Among the entries below, find the line with "出入口④(昭和の森フォレストビレッジ)の状況", then quote it and each following line up to and including the line with "Omphaloslu bronz kâse", and nothing else.

Given data:
▼

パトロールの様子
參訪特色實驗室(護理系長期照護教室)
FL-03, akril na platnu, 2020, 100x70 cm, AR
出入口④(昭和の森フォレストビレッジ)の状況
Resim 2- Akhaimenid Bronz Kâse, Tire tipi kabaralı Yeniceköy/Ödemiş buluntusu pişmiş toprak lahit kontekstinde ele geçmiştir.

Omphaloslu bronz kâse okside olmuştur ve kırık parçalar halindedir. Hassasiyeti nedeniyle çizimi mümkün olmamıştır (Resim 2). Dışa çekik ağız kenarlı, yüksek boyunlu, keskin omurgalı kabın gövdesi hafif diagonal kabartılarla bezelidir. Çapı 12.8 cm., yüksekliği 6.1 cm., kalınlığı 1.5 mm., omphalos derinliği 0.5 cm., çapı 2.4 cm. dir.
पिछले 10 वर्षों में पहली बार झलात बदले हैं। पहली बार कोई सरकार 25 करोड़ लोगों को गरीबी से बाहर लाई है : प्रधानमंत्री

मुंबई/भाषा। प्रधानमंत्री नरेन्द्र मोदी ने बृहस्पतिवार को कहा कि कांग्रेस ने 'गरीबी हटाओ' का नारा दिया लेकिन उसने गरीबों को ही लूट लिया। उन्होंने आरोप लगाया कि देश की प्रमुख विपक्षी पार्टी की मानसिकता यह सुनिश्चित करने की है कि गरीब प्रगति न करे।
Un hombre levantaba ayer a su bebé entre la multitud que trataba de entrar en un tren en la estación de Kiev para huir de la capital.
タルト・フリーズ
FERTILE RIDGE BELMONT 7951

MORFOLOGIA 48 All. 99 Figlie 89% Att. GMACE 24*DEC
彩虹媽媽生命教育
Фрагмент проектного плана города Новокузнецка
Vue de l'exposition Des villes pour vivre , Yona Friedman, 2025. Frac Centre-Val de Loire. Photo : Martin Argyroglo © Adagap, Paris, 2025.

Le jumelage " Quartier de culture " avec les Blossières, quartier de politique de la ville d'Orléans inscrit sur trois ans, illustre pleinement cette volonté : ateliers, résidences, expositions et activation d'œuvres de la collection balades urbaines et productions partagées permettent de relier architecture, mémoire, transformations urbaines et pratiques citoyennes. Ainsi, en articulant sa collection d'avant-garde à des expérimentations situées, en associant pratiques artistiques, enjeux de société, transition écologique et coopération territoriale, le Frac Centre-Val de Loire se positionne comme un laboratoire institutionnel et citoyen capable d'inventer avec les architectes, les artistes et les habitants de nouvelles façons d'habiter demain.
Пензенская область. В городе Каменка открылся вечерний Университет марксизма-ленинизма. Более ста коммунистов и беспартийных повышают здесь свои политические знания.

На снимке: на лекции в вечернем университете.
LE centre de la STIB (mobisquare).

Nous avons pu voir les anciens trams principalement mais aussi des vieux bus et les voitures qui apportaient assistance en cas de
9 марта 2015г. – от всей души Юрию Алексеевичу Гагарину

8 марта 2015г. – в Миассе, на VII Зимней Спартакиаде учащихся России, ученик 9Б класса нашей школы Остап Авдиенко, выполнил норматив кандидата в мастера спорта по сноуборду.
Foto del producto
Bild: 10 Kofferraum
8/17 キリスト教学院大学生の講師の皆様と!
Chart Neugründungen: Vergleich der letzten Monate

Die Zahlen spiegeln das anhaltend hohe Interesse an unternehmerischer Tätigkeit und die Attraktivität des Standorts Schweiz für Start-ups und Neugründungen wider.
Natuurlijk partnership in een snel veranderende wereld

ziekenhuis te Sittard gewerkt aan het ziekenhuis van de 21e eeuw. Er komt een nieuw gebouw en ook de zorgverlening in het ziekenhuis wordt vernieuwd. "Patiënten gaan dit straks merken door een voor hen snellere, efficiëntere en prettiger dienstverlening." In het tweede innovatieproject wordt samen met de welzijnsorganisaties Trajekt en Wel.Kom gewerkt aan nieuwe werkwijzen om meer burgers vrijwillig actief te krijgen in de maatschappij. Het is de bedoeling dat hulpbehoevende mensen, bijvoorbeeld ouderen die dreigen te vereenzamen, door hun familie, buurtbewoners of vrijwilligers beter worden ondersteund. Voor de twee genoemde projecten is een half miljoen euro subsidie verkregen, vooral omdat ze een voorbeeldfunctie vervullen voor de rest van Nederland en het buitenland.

▲
▼

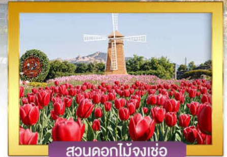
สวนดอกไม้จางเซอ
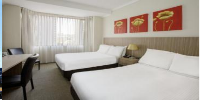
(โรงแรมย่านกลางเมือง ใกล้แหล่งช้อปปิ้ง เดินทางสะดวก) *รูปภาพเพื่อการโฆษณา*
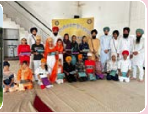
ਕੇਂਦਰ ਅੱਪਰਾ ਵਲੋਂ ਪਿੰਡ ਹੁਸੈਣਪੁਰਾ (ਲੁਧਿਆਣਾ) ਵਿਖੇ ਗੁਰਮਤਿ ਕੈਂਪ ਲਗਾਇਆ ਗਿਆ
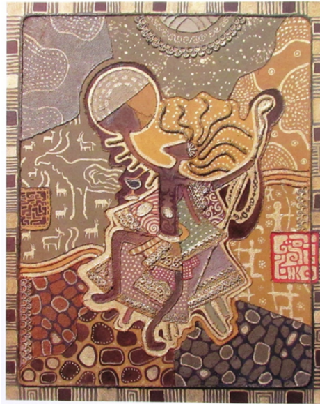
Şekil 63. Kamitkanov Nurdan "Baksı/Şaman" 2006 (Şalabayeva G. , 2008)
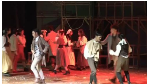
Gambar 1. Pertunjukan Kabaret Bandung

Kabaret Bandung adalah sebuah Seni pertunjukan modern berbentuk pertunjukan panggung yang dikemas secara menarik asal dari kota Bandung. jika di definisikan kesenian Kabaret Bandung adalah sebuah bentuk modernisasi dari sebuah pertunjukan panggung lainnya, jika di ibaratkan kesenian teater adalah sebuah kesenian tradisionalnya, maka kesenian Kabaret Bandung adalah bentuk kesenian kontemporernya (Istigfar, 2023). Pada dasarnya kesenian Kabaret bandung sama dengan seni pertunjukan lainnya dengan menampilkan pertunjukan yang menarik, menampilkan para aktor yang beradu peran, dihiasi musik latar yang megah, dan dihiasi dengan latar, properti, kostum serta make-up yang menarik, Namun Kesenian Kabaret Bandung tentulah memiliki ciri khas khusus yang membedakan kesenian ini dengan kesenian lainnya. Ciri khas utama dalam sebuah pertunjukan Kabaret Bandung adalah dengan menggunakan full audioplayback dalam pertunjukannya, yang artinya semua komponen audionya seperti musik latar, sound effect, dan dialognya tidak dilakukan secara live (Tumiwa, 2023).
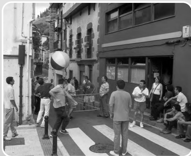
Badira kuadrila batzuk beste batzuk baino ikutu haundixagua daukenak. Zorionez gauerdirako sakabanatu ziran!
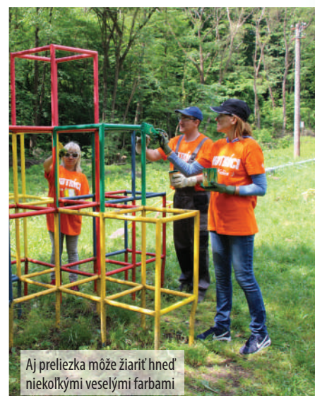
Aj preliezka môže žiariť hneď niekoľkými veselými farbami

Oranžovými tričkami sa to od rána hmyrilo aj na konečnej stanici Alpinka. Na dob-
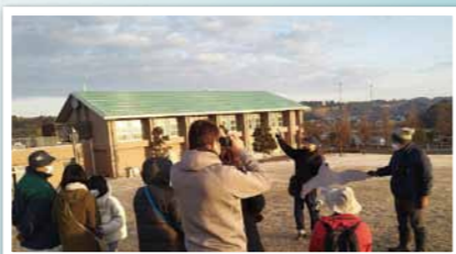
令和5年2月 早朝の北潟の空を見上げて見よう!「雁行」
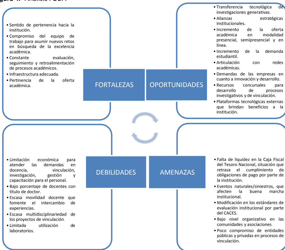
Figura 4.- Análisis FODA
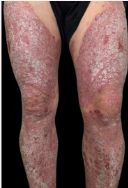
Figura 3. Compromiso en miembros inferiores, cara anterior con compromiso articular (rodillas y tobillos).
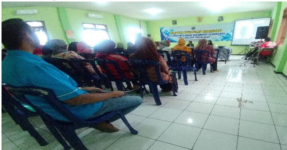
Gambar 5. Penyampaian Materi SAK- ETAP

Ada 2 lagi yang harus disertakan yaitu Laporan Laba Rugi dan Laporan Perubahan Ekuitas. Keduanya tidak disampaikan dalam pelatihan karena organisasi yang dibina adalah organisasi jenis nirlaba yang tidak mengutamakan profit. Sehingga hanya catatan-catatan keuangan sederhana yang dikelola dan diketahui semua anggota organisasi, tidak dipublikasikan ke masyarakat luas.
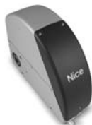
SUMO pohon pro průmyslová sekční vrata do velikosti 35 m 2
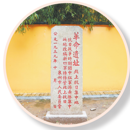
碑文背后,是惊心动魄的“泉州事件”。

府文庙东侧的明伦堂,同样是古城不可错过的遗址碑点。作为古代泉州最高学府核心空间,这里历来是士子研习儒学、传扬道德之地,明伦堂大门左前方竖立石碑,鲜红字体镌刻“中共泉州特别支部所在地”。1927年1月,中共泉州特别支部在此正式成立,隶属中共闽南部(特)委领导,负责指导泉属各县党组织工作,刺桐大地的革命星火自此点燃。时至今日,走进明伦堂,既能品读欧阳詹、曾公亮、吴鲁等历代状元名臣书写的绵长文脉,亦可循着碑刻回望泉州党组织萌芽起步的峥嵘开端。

▲
▼

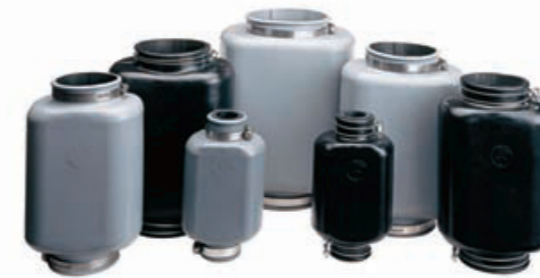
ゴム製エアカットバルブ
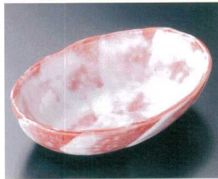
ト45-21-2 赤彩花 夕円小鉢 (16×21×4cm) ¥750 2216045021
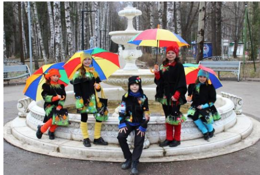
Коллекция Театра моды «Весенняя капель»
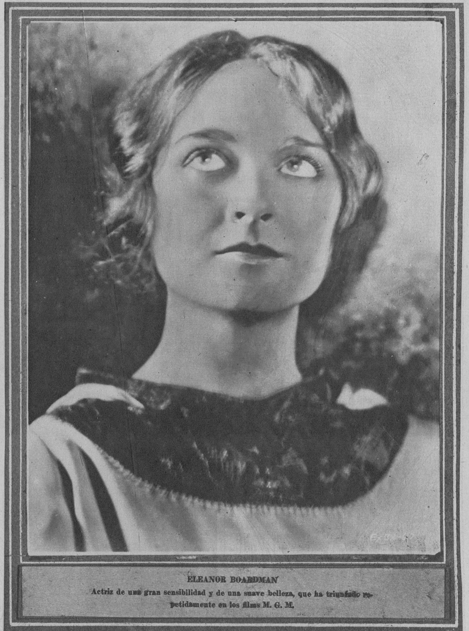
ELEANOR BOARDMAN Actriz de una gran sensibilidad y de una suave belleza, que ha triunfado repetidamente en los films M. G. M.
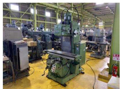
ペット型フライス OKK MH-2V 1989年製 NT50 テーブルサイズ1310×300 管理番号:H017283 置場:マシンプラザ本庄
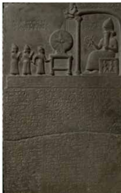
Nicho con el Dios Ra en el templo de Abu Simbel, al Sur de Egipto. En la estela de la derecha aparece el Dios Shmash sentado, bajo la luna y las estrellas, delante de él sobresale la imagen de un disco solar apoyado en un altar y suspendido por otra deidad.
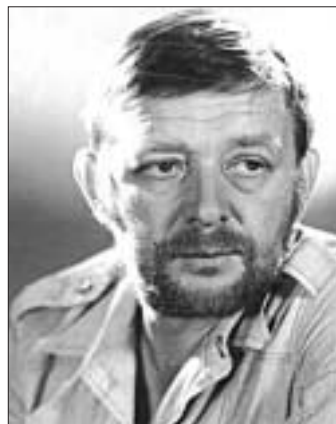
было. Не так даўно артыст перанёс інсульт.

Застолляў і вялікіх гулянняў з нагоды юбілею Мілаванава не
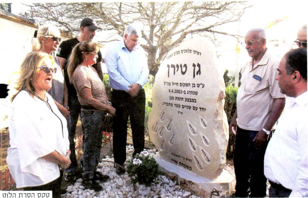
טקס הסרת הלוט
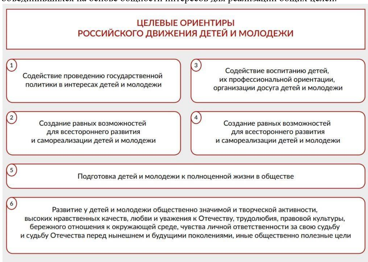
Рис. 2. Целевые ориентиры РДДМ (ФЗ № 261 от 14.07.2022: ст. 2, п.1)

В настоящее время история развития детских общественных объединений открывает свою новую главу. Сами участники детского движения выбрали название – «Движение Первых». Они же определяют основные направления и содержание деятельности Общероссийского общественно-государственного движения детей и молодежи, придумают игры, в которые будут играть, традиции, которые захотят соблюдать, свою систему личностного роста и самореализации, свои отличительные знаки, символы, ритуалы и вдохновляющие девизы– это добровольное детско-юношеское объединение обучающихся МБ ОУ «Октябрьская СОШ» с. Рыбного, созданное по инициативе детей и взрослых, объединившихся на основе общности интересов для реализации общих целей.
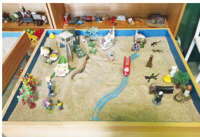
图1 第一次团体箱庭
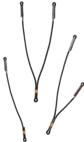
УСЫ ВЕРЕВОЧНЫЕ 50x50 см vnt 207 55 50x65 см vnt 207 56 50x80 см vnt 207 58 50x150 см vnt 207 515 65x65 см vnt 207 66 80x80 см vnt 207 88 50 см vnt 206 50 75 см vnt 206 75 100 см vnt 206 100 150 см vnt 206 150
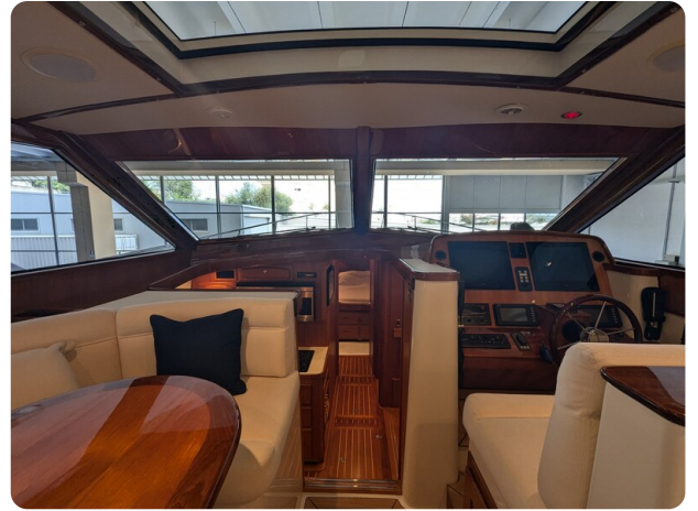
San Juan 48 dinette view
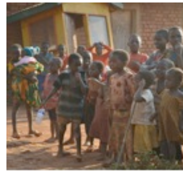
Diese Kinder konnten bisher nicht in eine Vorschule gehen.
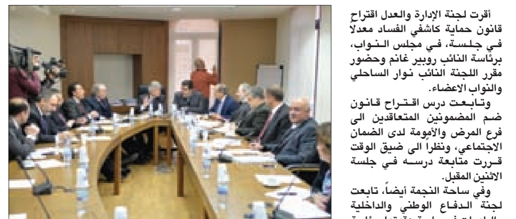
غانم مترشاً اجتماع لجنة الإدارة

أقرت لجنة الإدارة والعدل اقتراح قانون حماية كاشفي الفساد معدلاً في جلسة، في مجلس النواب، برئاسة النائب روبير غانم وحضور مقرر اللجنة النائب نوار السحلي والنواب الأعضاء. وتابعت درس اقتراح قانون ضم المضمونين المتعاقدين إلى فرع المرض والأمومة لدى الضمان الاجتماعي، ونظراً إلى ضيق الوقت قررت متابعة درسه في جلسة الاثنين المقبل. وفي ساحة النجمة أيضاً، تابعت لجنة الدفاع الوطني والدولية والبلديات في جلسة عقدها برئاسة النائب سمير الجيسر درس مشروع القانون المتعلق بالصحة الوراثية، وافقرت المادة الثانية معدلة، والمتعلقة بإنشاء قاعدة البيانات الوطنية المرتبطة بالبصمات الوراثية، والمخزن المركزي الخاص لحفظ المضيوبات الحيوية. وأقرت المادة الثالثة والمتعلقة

▲

Answer area:
出入口④(昭和の森フォレストビレッジ)の状況
Resim 2- Akhaimenid Bronz Kâse, Tire tipi kabaralı Yeniceköy/Ödemiş buluntusu pişmiş toprak lahit kontekstinde ele geçmiştir.

Omphaloslu bronz kâse okside olmuştur ve kırık parçalar halindedir. Hassasiyeti nedeniyle çizimi mümkün olmamıştır (Resim 2). Dışa çekik ağız kenarlı, yüksek boyunlu, keskin omurgalı kabın gövdesi hafif diagonal kabartılarla bezelidir. Çapı 12.8 cm., yüksekliği 6.1 cm., kalınlığı 1.5 mm., omphalos derinliği 0.5 cm., çapı 2.4 cm. dir.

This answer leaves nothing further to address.